● **Material for this exercise**:
________________________

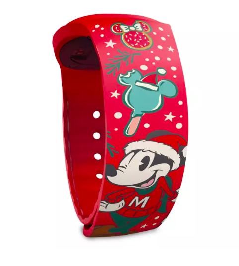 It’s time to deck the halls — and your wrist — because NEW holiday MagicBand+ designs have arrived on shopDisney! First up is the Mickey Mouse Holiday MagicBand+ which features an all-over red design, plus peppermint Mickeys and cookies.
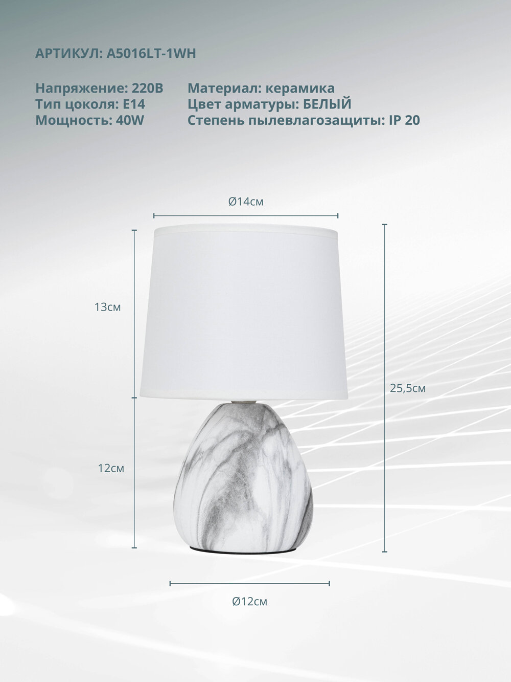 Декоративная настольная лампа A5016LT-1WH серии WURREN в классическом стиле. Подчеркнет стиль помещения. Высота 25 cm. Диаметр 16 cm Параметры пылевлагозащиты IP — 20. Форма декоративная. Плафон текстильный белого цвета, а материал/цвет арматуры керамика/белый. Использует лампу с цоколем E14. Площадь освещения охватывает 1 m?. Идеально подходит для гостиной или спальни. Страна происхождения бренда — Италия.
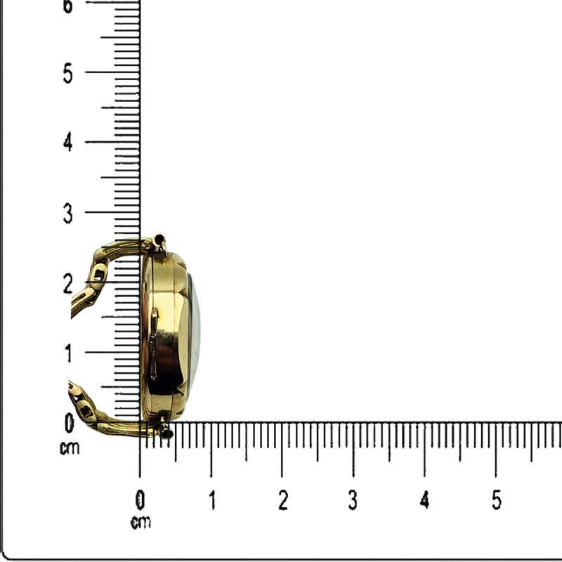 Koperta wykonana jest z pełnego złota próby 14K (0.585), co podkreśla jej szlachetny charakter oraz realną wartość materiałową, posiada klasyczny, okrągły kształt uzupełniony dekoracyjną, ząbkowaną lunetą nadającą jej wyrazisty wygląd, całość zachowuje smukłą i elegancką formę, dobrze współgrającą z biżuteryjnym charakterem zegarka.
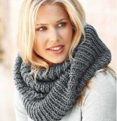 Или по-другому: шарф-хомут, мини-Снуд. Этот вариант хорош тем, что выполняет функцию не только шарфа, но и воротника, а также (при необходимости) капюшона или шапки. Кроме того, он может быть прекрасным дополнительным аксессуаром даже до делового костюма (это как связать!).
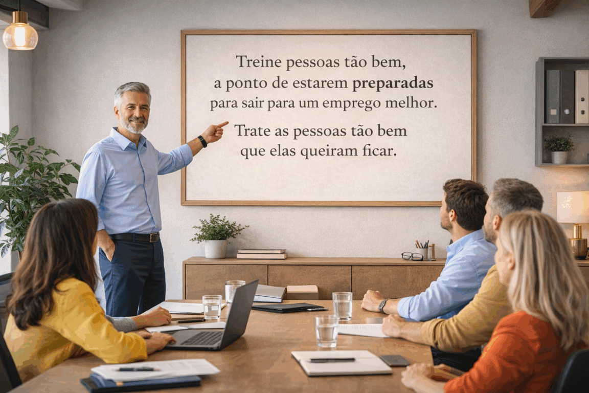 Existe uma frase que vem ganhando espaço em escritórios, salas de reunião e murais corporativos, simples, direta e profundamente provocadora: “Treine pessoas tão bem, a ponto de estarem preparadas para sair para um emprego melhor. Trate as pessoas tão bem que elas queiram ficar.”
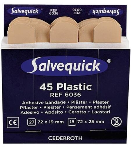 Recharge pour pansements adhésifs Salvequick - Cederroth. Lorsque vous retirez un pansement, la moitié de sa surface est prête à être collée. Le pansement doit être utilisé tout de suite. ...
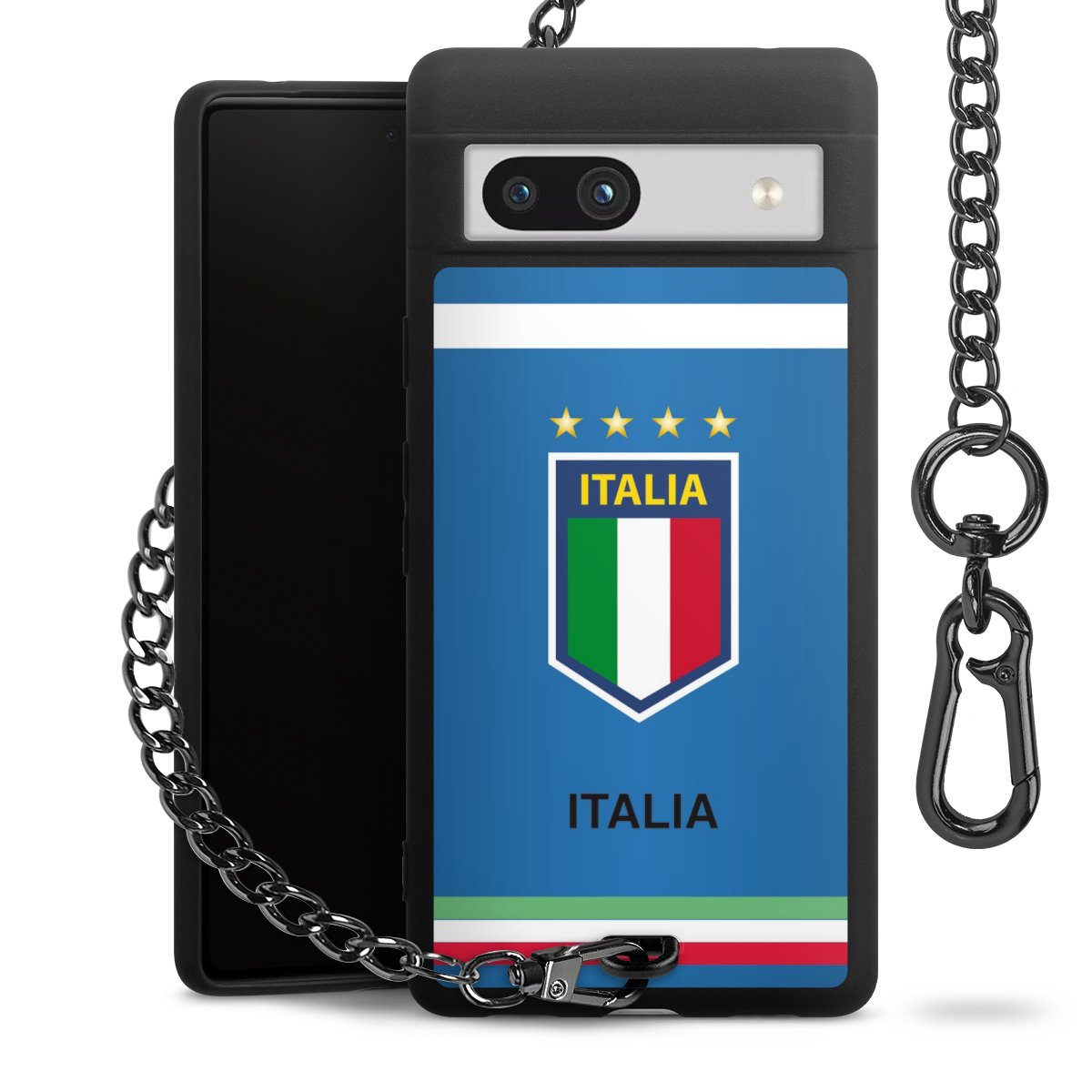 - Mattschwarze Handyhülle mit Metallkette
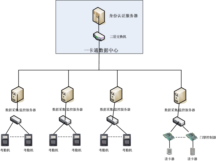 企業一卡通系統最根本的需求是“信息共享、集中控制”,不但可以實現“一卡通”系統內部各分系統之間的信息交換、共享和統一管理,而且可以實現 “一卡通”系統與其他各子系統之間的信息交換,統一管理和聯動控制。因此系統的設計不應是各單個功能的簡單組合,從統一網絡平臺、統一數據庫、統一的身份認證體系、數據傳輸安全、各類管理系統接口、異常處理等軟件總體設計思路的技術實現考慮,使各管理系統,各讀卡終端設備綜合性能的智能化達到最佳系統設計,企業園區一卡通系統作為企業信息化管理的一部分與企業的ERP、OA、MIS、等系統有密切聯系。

________________________

● **Work task**: The records above should be reproduced exactly, with the pictures omitted.

● **Expected answer**:
 It’s time to deck the halls — and your wrist — because NEW holiday MagicBand+ designs have arrived on shopDisney! First up is the Mickey Mouse Holiday MagicBand+ which features an all-over red design, plus peppermint Mickeys and cookies.
 Декоративная настольная лампа A5016LT-1WH серии WURREN в классическом стиле. Подчеркнет стиль помещения. Высота 25 cm. Диаметр 16 cm Параметры пылевлагозащиты IP — 20. Форма декоративная. Плафон текстильный белого цвета, а материал/цвет арматуры керамика/белый. Использует лампу с цоколем E14. Площадь освещения охватывает 1 m?. Идеально подходит для гостиной или спальни. Страна происхождения бренда — Италия.
 Koperta wykonana jest z pełnego złota próby 14K (0.585), co podkreśla jej szlachetny charakter oraz realną wartość materiałową, posiada klasyczny, okrągły kształt uzupełniony dekoracyjną, ząbkowaną lunetą nadającą jej wyrazisty wygląd, całość zachowuje smukłą i elegancką formę, dobrze współgrającą z biżuteryjnym charakterem zegarka.
 Или по-другому: шарф-хомут, мини-Снуд. Этот вариант хорош тем, что выполняет функцию не только шарфа, но и воротника, а также (при необходимости) капюшона или шапки. Кроме того, он может быть прекрасным дополнительным аксессуаром даже до делового костюма (это как связать!).
 Existe uma frase que vem ganhando espaço em escritórios, salas de reunião e murais corporativos, simples, direta e profundamente provocadora: “Treine pessoas tão bem, a ponto de estarem preparadas para sair para um emprego melhor. Trate as pessoas tão bem que elas queiram ficar.”
 Recharge pour pansements adhésifs Salvequick - Cederroth. Lorsque vous retirez un pansement, la moitié de sa surface est prête à être collée. Le pansement doit être utilisé tout de suite. ...
 - Mattschwarze Handyhülle mit Metallkette
 企業一卡通系統最根本的需求是“信息共享、集中控制”,不但可以實現“一卡通”系統內部各分系統之間的信息交換、共享和統一管理,而且可以實現 “一卡通”系統與其他各子系統之間的信息交換,統一管理和聯動控制。因此系統的設計不應是各單個功能的簡單組合,從統一網絡平臺、統一數據庫、統一的身份認證體系、數據傳輸安全、各類管理系統接口、異常處理等軟件總體設計思路的技術實現考慮,使各管理系統,各讀卡終端設備綜合性能的智能化達到最佳系統設計,企業園區一卡通系統作為企業信息化管理的一部分與企業的ERP、OA、MIS、等系統有密切聯系。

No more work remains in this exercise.